大会報道

世界卓球2013パリ大会6日目③ 、男子複準決勝、岸川・水谷は銅メダル

2013.05.18

<世界卓球選手権大会>

岸川・水谷が2009年の横浜大会以来メダル獲得を決めた男子ダブルス。期待の1戦となったが、日本ペアはストレートで中国ペアに敗れ決勝進出はならなかった。一方、張・松平ペアを破った台湾ペアは中国ペアを破り、初の決勝進出を決めた。

 

20130517-01.jpg日本ペアは思い切りに欠けたか

20130517-01.jpg郝帥・馬琳の中国ペアが決勝へ

20130517-01.jpg岸川・水谷は準決勝の壁を打ち破れず

20130517-01.jpg陳建安・荘智淵は強気のプレーで中国を撃破

20130517-01.jpg台湾ペアは初の決勝進出

郝帥・馬琳(中国) 7,9,10,12 岸川・水谷(日本)
陳建安・荘智淵(台湾) 6,6,-9,-9,5,8 王励勤・周雨(中国)

岸川・水谷は決勝進出をかけて中国ペアに挑戦した。第1、2ゲームは決定力で勝る中国ペアが連取。これ以上離されたくない日本ペアは、台上からアグレッシブに攻めて第3ゲーム10-7とリード、しかしここから守りに入ったかミスを連発し、まさかの逆転を許してしまう。0-3と後がない日本だが、第4ゲームもジュースで食い下がる。しかし、日本のエースボールをさらに厳しいボールで返されるなど実力差を感じさせられる場面も。チャンスはあったが、岸川・水谷はまたしても中国ペアに決勝進出を阻まれる結果となった。

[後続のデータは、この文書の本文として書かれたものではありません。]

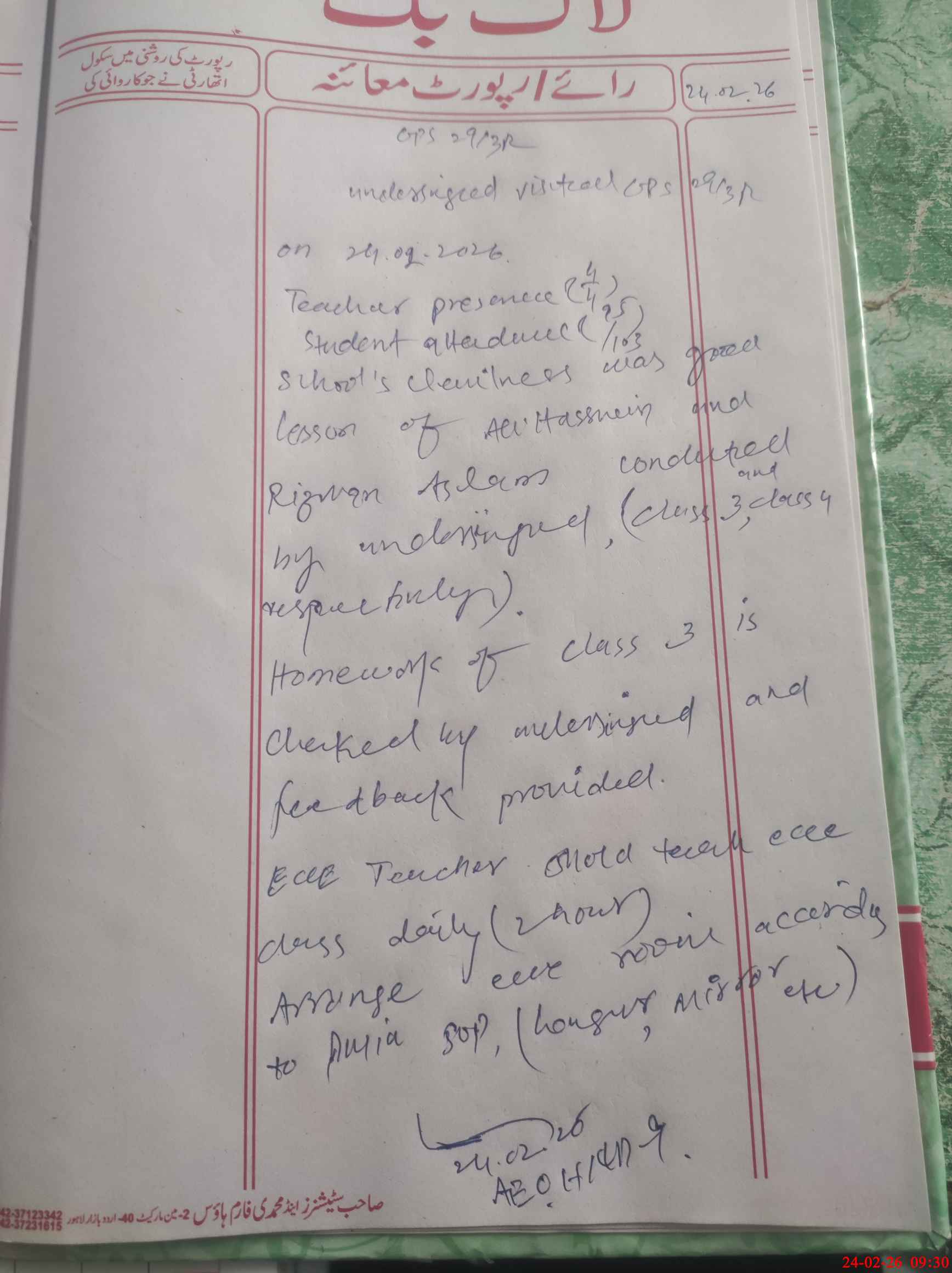 | Attendance Register | Head Teacher | MEA with School | Visit Proof |

陳建安・荘智淵は序盤から激しいラリーで中国ペアを上回る動きを見せて2-0とリード。本気で優勝を狙いに来ていないとはいえ、世界王者王励勤と中国チャンピオンの周雨という中国ペアもかみ合えば強い。2ゲームを返された台湾ペアだが簡単に粘り強いプレーで中国を圧倒。どこか覇気のない中国ペアを退けて決勝進出を決めた。

■岸川聖也・水谷隼インタビュー
「点数がリードしているゲームが2ゲームありましたが、1点が遠かったです。最初の2ゲームはしょうがないにしても、3ゲーム目取って流れを変えていれば、また違ったと思います。4ゲーム目も10対9でしたが、その2ゲームを落としたら厳しいです。
馬琳のサービスはチキータしやすいので、もっと行きたかったのですが、フォアでのレシーブを多めにやってしまいました。失敗です。
(2009年横浜大会とは)違った意味のあるメダルです。僕たちは横浜でのメダル獲得を目指してジュニア時代からやってきて、それを達成してモチベーションが下がりました。その後、オリンピックのシングルスを目指して世界ランキングを上げてきて、オリンピックでは丹羽とダブルスを組み、世界選手権大会で(水谷とのペアで勝つ)と思う時間がなくなりました。また隼(水谷)と組んでメダルを取れたことには、横浜とはまったく違ううれしさがあります。そして、これ以上を目指せるペアに成長できると思います」と岸川。

「3ゲーム目の10対7、あそこを取れなかったのは痛いです。僕のプレーが弱気になる場面が多く、もう少し強気で行けばよかったと思います。(タイムアウトを取るべきだったのではという指摘もあるが)試合が進む中で次に取るタイミングが来ると思っていたので、あの場面でのタイムアウトは考えていませんでした。馬琳のレシーブだったので、やりづらく、長いレシーブが来ると予測していたら2本とも短く、ストップ対ストップで相手の方が技術の質がよく、対応できませんでした。もっと長い展開にすべきでしたが、相手に打たれるのが怖くて、戦術を間違ってしまいました。
(中国との差は)こちらがチャンスボールを攻め切れませんでした。コースも、どちらへも打てたのに、こっちに打って点を取られて、あっちにしておけば……というのがあります。相手がというよりも、自分たちが簡単に行きすぎました。
金メダルのチャンスがあったのに悔しいです。来年、東京の世界選手権大会で勝てるようにがんばります」と水谷。